**Exercise directions**. Would you please write out each of the entries below exactly, omitting pictures?

═══ Extracted material ═══

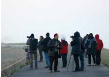
PHOTO CLUB SERVON77 permet à ses adhérents de bénéficier de quelques heures supplémentaires de pédagogie le samedi en plus de nos sorties mensuelles. Pour exemple, nous avons déjà traité l'initiation à l'analyse de photos, le post-traitement sur ordinateur puis l'approche «studio». Nous reprendrons ces thèmes périodiquement ainsi que d'autres.

La dernière sortie au lac du Der a été un enchantement de paysages au crépuscule et dès l'aurore envahis de grues cendrées.
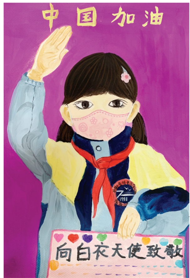
《感恩有你》 刘晓雅/绘 滁州市琅琊区紫薇小学二(8)班
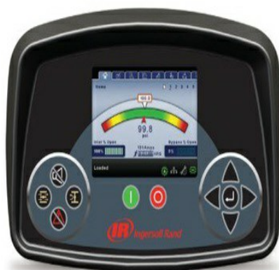
Xe-145F Series Centrifugal Compressor Controller
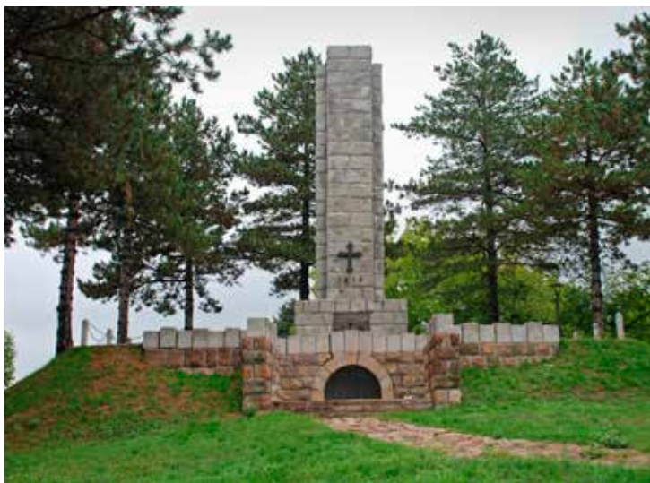
Сл. 14. Споменик на Љубићу
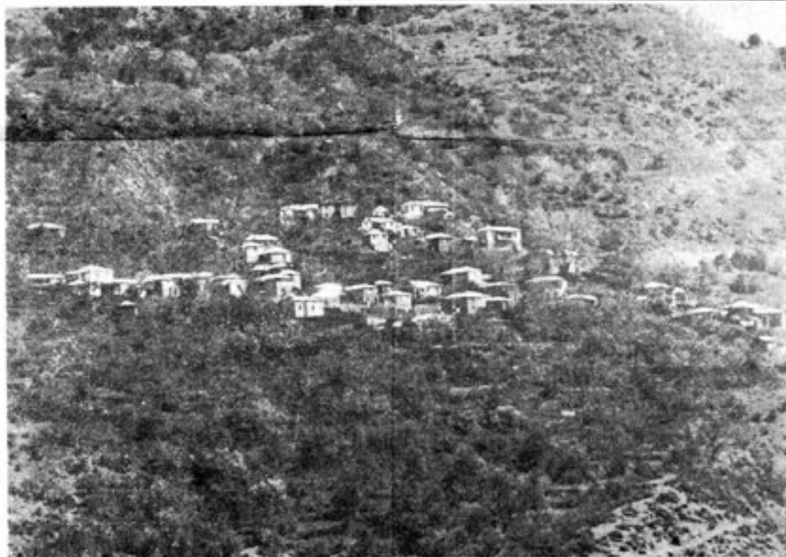
Ἀποψη τῆς Ὀξυᾶς
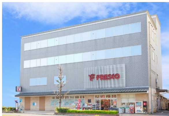
<株式会社ハートフレンド 本社>
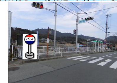
⑧山田小バス停付近 箕谷行きバス停付近でお待ちください
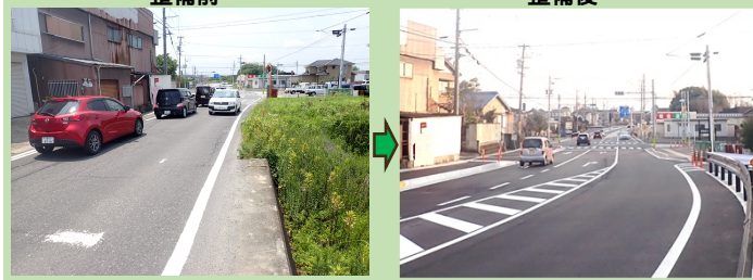
整備前 藤ヶ丘交差点の渋滞状況 整備後

幅員狭小区間を拡幅することで国道165号から国道23号へのアクセス機能が向上し、また、主要渋滞箇所である藤ヶ丘交差点の渋滞緩和が見込まれます。

═══

**Final answer**.
PHOTO CLUB SERVON77 permet à ses adhérents de bénéficier de quelques heures supplémentaires de pédagogie le samedi en plus de nos sorties mensuelles. Pour exemple, nous avons déjà traité l'initiation à l'analyse de photos, le post-traitement sur ordinateur puis l'approche «studio». Nous reprendrons ces thèmes périodiquement ainsi que d'autres.

La dernière sortie au lac du Der a été un enchantement de paysages au crépuscule et dès l'aurore envahis de grues cendrées.
《感恩有你》 刘晓雅/绘 滁州市琅琊区紫薇小学二(8)班
Xe-145F Series Centrifugal Compressor Controller
Сл. 14. Споменик на Љубићу
Ἀποψη τῆς Ὀξυᾶς
<株式会社ハートフレンド 本社>
⑧山田小バス停付近 箕谷行きバス停付近でお待ちください
整備前 藤ヶ丘交差点の渋滞状況 整備後

幅員狭小区間を拡幅することで国道165号から国道23号へのアクセス機能が向上し、また、主要渋滞箇所である藤ヶ丘交差点の渋滞緩和が見込まれます。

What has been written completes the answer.